> [TASK BRIEF]: From the entries below, print exactly the span beginning with the line holding "Отчет депутата Мосгордумы" and ending with the line holding "Ein Kondensstreifen mit", endpoints included, and skip any pictures.
....
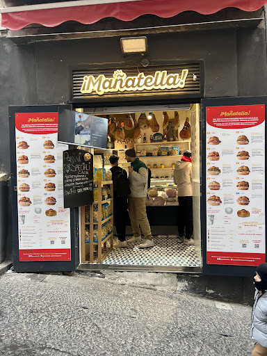 Read moreVery small and easy to miss. Ten steps away from the Maradona mural, Mañatella is kind of hidden in the corner. We were there in the morning, around 9:30, and we were informed that it would take a few minutes to heat it all up. There are no vegetarian options on the menu outside, but you can just tell the kind man behind the corner what he suggests, and you can pick and choose the ingredients; he even let me try a few of them -super nice! We sat outside and waited a couple of minutes. The sandwiches were mind-blowing. Literally the best bread I've tasted in Italy. Super cheap, super tasty, super nice experience. He even recommended a place nearby for great coffee. I love my friend who discovered this place because it was SO WORTH IT! I...
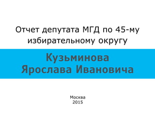 Отчет депутата Мосгордумы Ярослава Кузьминова за 2015 год описывает деятельность его команды, состоящей из 26 человек, в 45-м избирательном округе, включая работу с населением, организацию мероприятий и благоустройство городской среды. Основные достижения включают реализацию создания сквера в Б. Спасоглинищевском переулке, улучшение жилищных условий для жителей, а также благоустройство дворовых территорий и поддержку культурного наследия. Кроме того, инициатива по улучшению стандартов хостелов и решение транспортных проблем, связанных с ремонтом станции метро, также представлены в отчете.
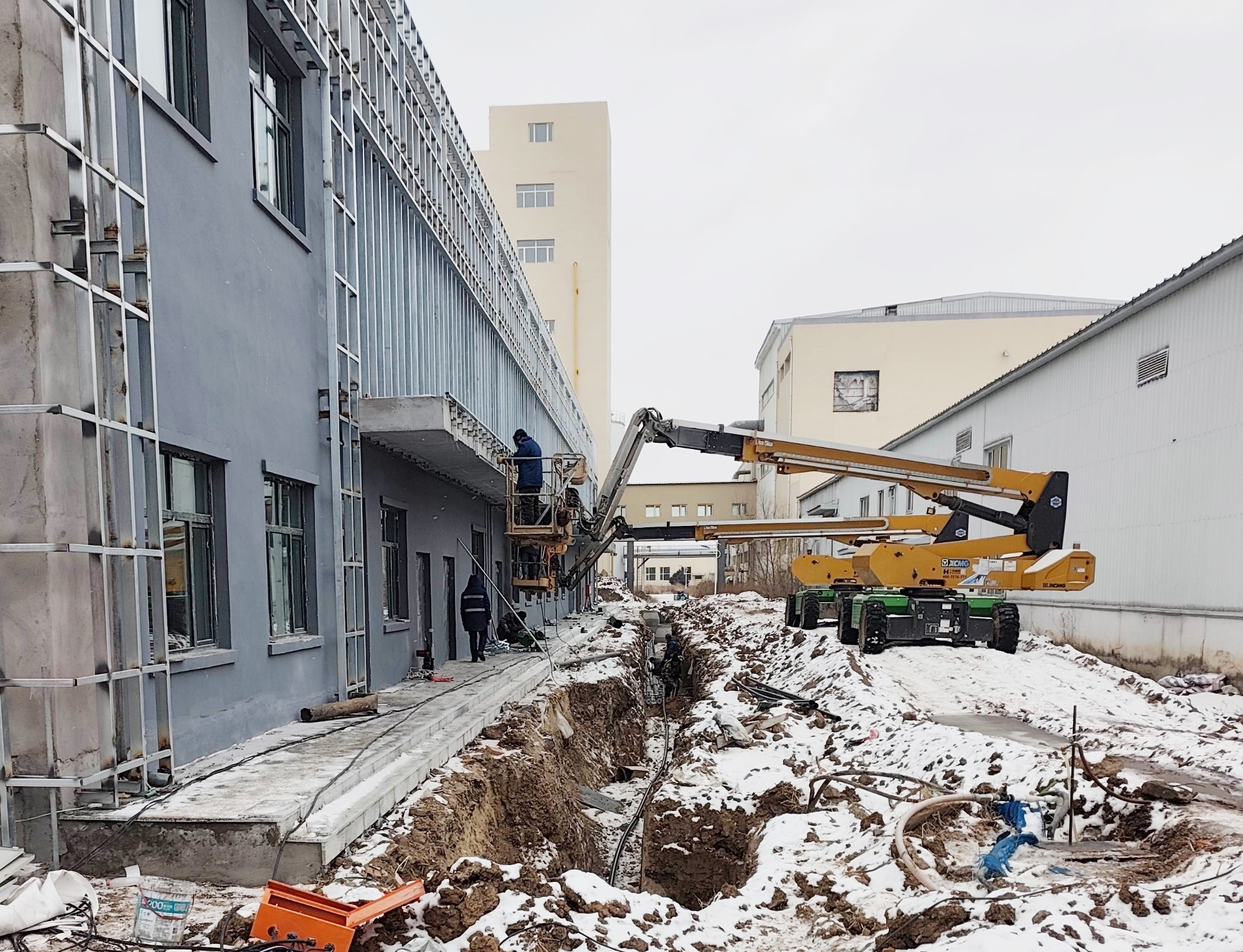 在黑龙江哈尔滨北大荒绿源冷链管理中心建设现场,冬日的冰雪覆盖着施工场地,徐工高空作业平台却依旧高效运转,成为项目外立面施工的核心设备 蓝莓TV。
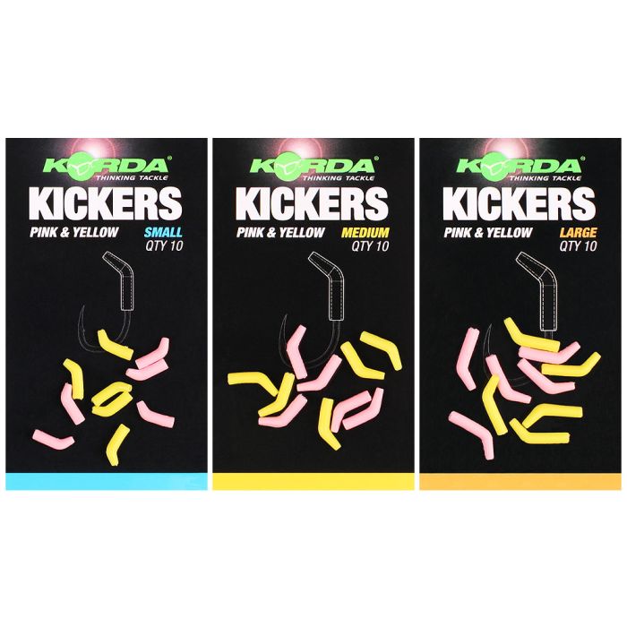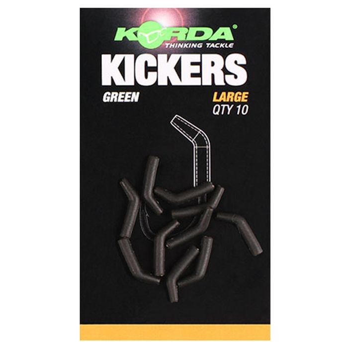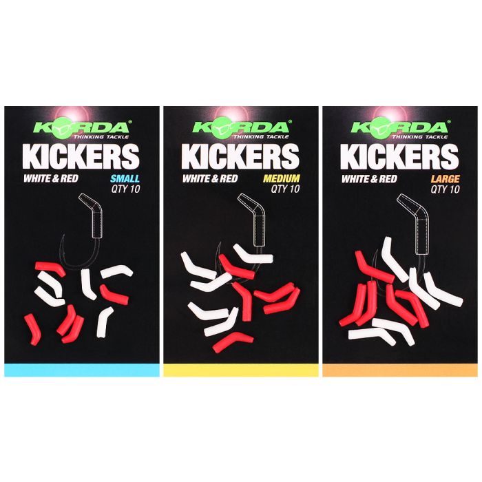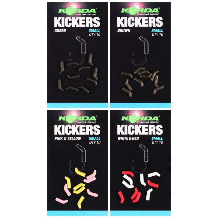 De Korda Kickers krimpkousen maken het makkelijk om snel een onderlijn te knopen zonder daarbij de krimpkous te hoeven stomen. Je schuift ze eenvoudig over het haakoog zonder gebruik te hoeven maken van kokend water. Door hun kromming helpen ze een haak sneller te draaien, terwijl ze tijdens een dril rechtbuigen en daardoor voorkomen dat je materiaal beschadigd raakt. De Kickers zijn in natuurlijke kleuren verkrijgbaar voor die vissers die graag willen dat hun end tackle compleet wegvalt tegen de bodem. Speciaal voor de mensen die het aandurven om de nieuwsgierigheid van de vis te prikkelen, zijn er ook opvallende kleuren. De gedachte hierachter is dat deze, net als bijvoorbeeld het toevoegen van een opvallend gekleurd nepaasje of een fluo pop-up, de nieuwsgierigheid van de vissen wekt. Gaat dit je wellicht een bonusvis opleveren? De teamleden en consultants die met de Kickers krimpkousen hebben gevist, denken van wel.
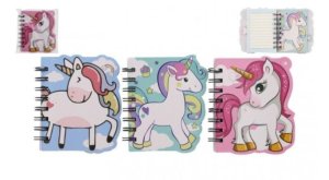 Kroužkový zápisník s motivy jednorožce.
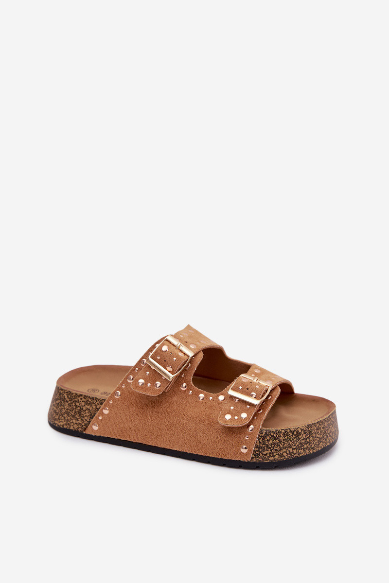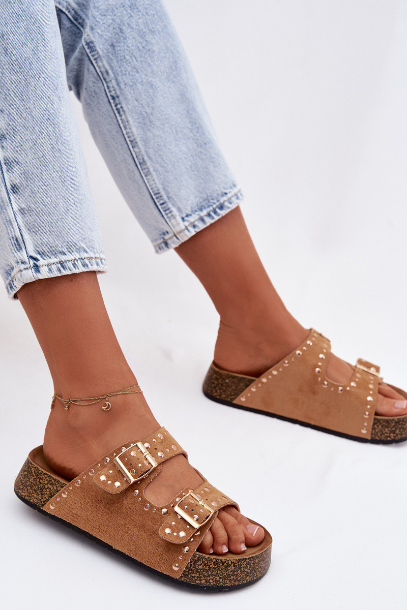Dámske šľapky zlaté so sponami a hrotmi hnedej Tervina
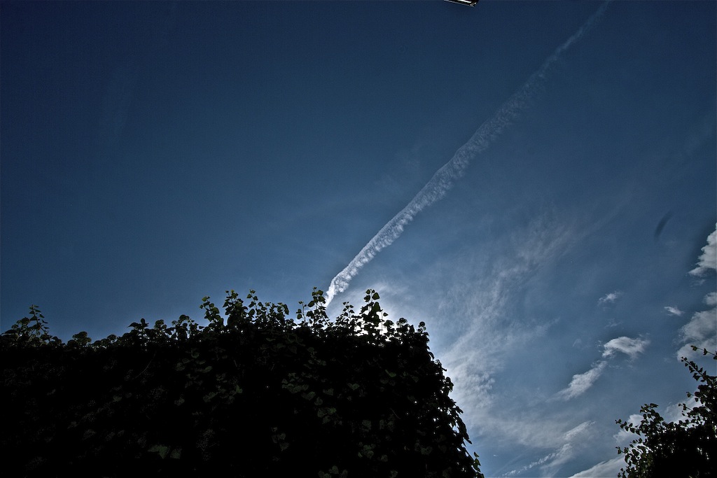 Ein Kondensstreifen mit mehreren Schattenstreifen ausgelöst durch Flug
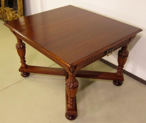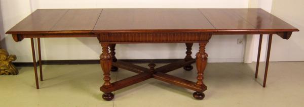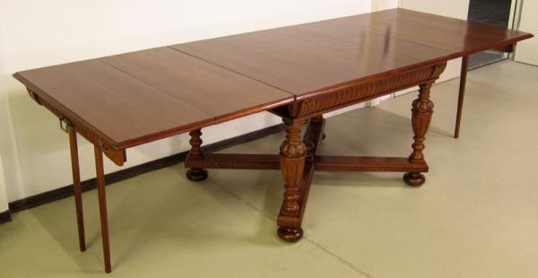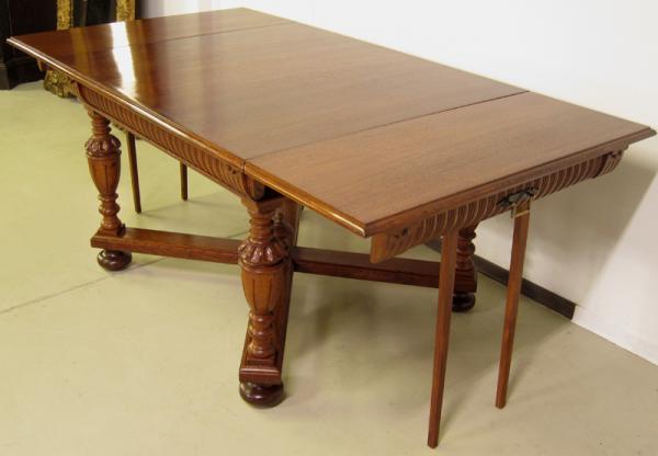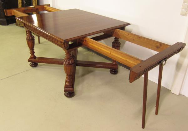 Hier bieten wir Ihnen exklusiv ein absolutes Schmuckstück der herrschaftlichen Gründerzeit an. Dabei handelt es sich um einen fantastischen Esstisch mit feinster, erhabener Ausstrahlung und exqusiten Details. Diese nehmen sich folgendermaßen aus:
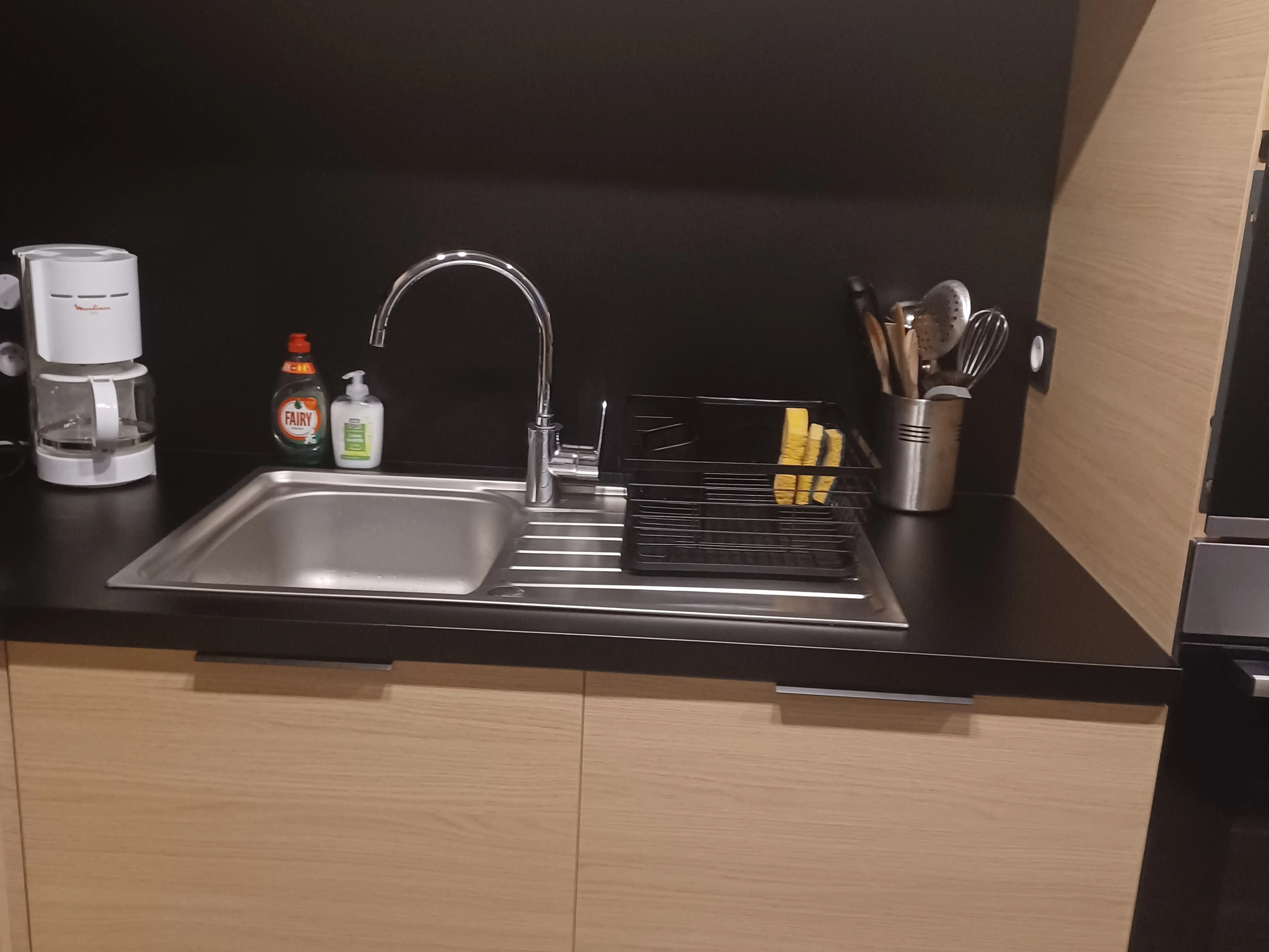 1 Cuisine aménagée et équipée lave-vaisselle, four, plaque vitrocéramique, frigo-congélateur, cafetière classique, micro-ondes, bouilloire, grille-pain
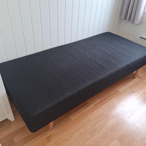 Møtrk grårammemadrass med bein og uten overnadrass.
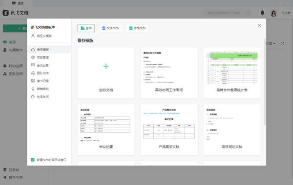讯飞文档电脑版是一款智能文档处理工具,讯飞文档PC最新版提供了多种文档模板,其中涵盖了报告、会议纪要、合同、简历等,用户可以根据需求选择适合的模板,快速创建高质量的文档,能够轻松制作适合场景的文档内容。
....
> [RESPONSE TO THE EXERCISE]:
 Отчет депутата Мосгордумы Ярослава Кузьминова за 2015 год описывает деятельность его команды, состоящей из 26 человек, в 45-м избирательном округе, включая работу с населением, организацию мероприятий и благоустройство городской среды. Основные достижения включают реализацию создания сквера в Б. Спасоглинищевском переулке, улучшение жилищных условий для жителей, а также благоустройство дворовых территорий и поддержку культурного наследия. Кроме того, инициатива по улучшению стандартов хостелов и решение транспортных проблем, связанных с ремонтом станции метро, также представлены в отчете.
 在黑龙江哈尔滨北大荒绿源冷链管理中心建设现场,冬日的冰雪覆盖着施工场地,徐工高空作业平台却依旧高效运转,成为项目外立面施工的核心设备 蓝莓TV。
 De Korda Kickers krimpkousen maken het makkelijk om snel een onderlijn te knopen zonder daarbij de krimpkous te hoeven stomen. Je schuift ze eenvoudig over het haakoog zonder gebruik te hoeven maken van kokend water. Door hun kromming helpen ze een haak sneller te draaien, terwijl ze tijdens een dril rechtbuigen en daardoor voorkomen dat je materiaal beschadigd raakt. De Kickers zijn in natuurlijke kleuren verkrijgbaar voor die vissers die graag willen dat hun end tackle compleet wegvalt tegen de bodem. Speciaal voor de mensen die het aandurven om de nieuwsgierigheid van de vis te prikkelen, zijn er ook opvallende kleuren. De gedachte hierachter is dat deze, net als bijvoorbeeld het toevoegen van een opvallend gekleurd nepaasje of een fluo pop-up, de nieuwsgierigheid van de vissen wekt. Gaat dit je wellicht een bonusvis opleveren? De teamleden en consultants die met de Kickers krimpkousen hebben gevist, denken van wel.
 Kroužkový zápisník s motivy jednorožce.
Dámske šľapky zlaté so sponami a hrotmi hnedej Tervina
 Ein Kondensstreifen mit mehreren Schattenstreifen ausgelöst durch Flug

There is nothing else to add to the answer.